Configure the AI Proxy for a Custom Provider

Create a route with the ai-proxy plugin. The override.endpoint field is required for the openai-compatible provider.

Admin API
ADC

curl -k "https://localhost:7443/apisix/admin/routes?gateway_group_id={gateway_group_id}" -X PUT \
  -H "X-API-KEY: ${API_KEY}" \
  -d '{
    "id": "custom-llm-route",
    "service_id": "'"$SERVICE_ID"'",
    "paths": ["/custom-llm"],
    "plugins": {
      "ai-proxy": {
        "provider": "openai-compatible",
        "auth": {
          "header": {
            "Authorization": "Bearer your-api-key"
          }
        },
        "options": {
          "model": "your-model-name"
        },
        "override": {
          "endpoint": "https://your-llm-endpoint.example.com/v1/chat/completions"
        }
      }
    }
  }'

❶ Set the provider to openai-compatible.

❷ Attach any required authentication header for your provider.

❸ Set the model name as expected by your provider.

❹ Required. Specify the full endpoint URL of your LLM service.

adc.yaml
services:
  - name: Custom LLM Service
    routes:
      - uris:
          - /custom-llm
        name: custom-llm-route
        plugins:
          ai-proxy:
            provider: openai-compatible
            auth:
              header:
                Authorization: "Bearer your-api-key"
            options:
              model: your-model-name
            override:
              endpoint: https://your-llm-endpoint.example.com/v1/chat/completions

❶ Set the provider to openai-compatible.

❷ Attach any required authentication header for your provider.

❸ Set the model name as expected by your provider.

❹ Required.

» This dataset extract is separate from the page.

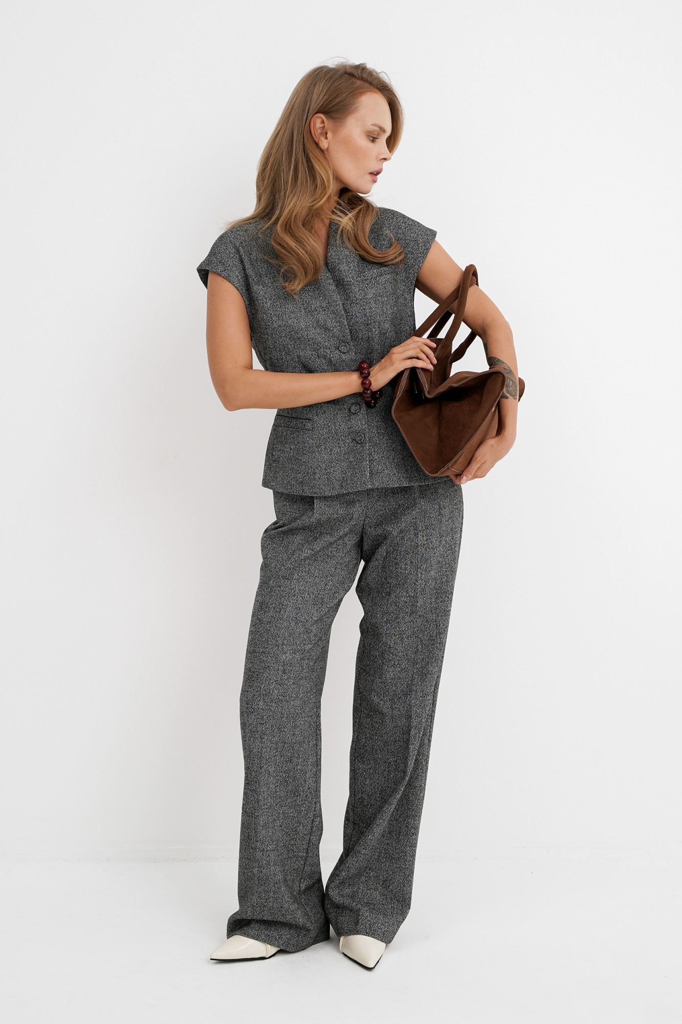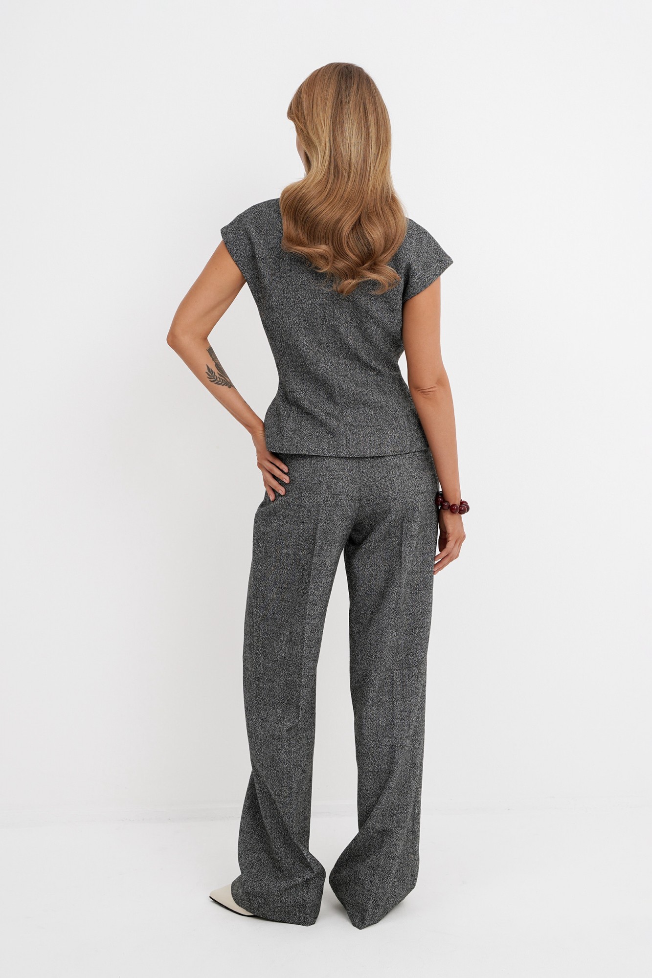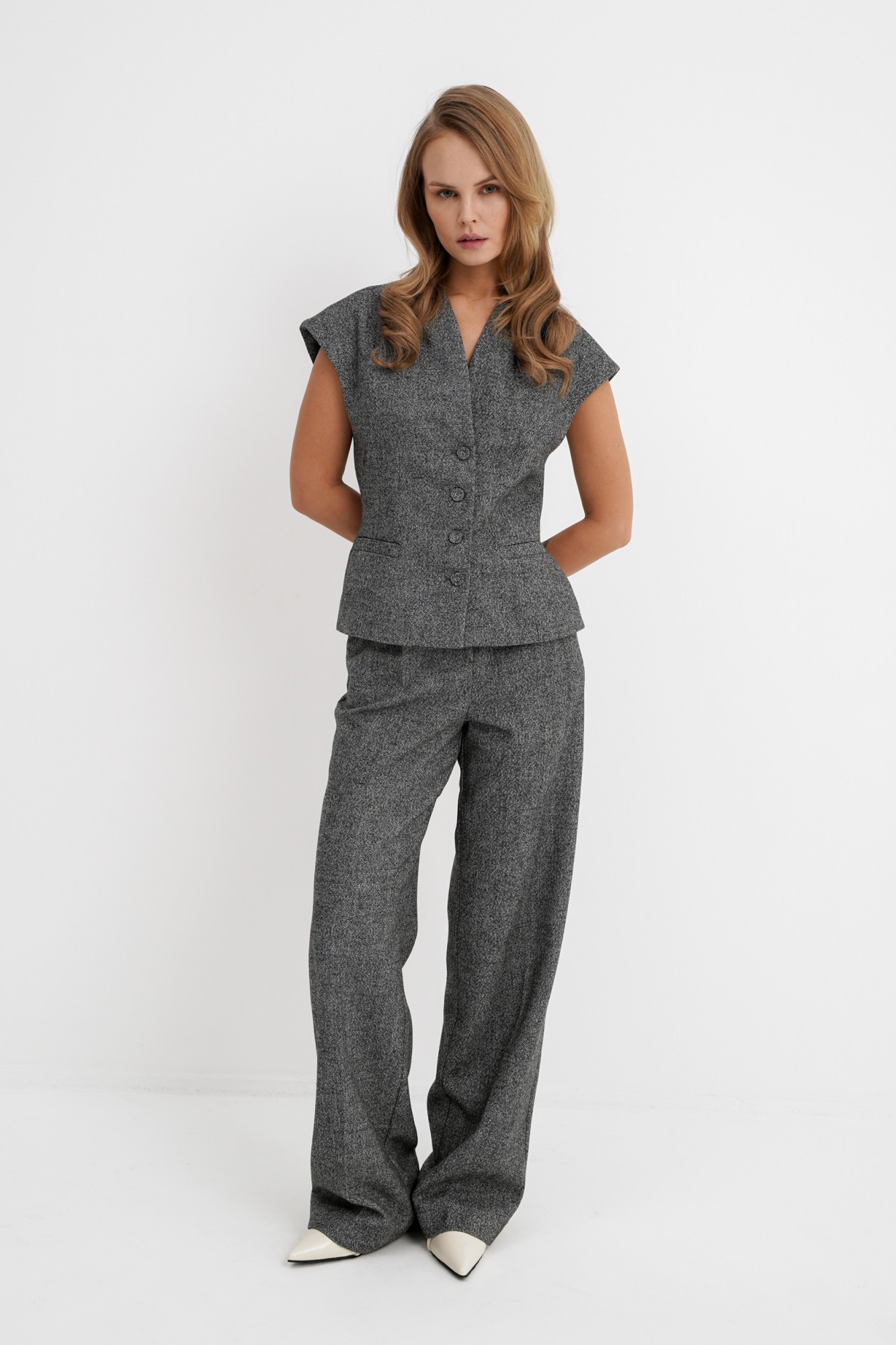 Костюм-двойка из приталенного жилета с воротником-стойкой и широких прямых брюк из меланжевой текстильной ткани. Детали: полуприлегающий силуэт, цельнокроеный воротник-стойка, рельефные швы переда и спинки, функциональные карманы, застежка на петли и пуговицы, жилет на подкладке. Брюки с притачным поясом со шлевками, передние половины с небольшими застроченными мягкими складками и заутюженными стрелками, застежка на молнию и пуговицу, боковые карманы. Задние части брюк с вытачками и заутюженными стрелками. Пояс брюк прямой, без резинки.

Specify the full endpoint URL of your LLM service.

Synchronize the configuration to API7 Gateway:

adc sync -f adc.yaml

Example: Connect to a Self-Hosted vLLM Instance

vLLM provides an OpenAI-compatible API server for self-hosted models:

Admin API
ADC

curl -k "https://localhost:7443/apisix/admin/routes?gateway_group_id={gateway_group_id}" -X PUT \
  -H "X-API-KEY: ${API_KEY}" \
  -d '{
    "id": "vllm-route",
    "service_id": "'"$SERVICE_ID"'",
    "paths": ["/vllm"],
    "plugins": {
      "ai-proxy": {
        "provider": "openai-compatible",
        "auth": {
          "header": {
            "Authorization": "Bearer placeholder"
          }
        },
        "options": {
          "model": "meta-llama/Llama-3.1-8B-Instruct"
        },
        "override": {
          "endpoint": "http://vllm-server:8000/v1/chat/completions"
        }
      }
    }
  }'

adc.yaml
services:
  - name: vLLM Service
    routes:
      - uris:
          - /vllm
        name: vllm-route
        plugins:
          ai-proxy:
            provider: openai-compatible
            auth:
              header:
                Authorization: "Bearer placeholder"
            options:
              model: meta-llama/Llama-3.1-8B-Instruct
            override:
              endpoint: http://vllm-server:8000/v1/chat/completions

Synchronize the configuration to API7 Gateway:

adc sync -f adc.yaml

The auth field is always required in the configuration. When the vLLM server itself does not require authentication, a placeholder value is sufficient.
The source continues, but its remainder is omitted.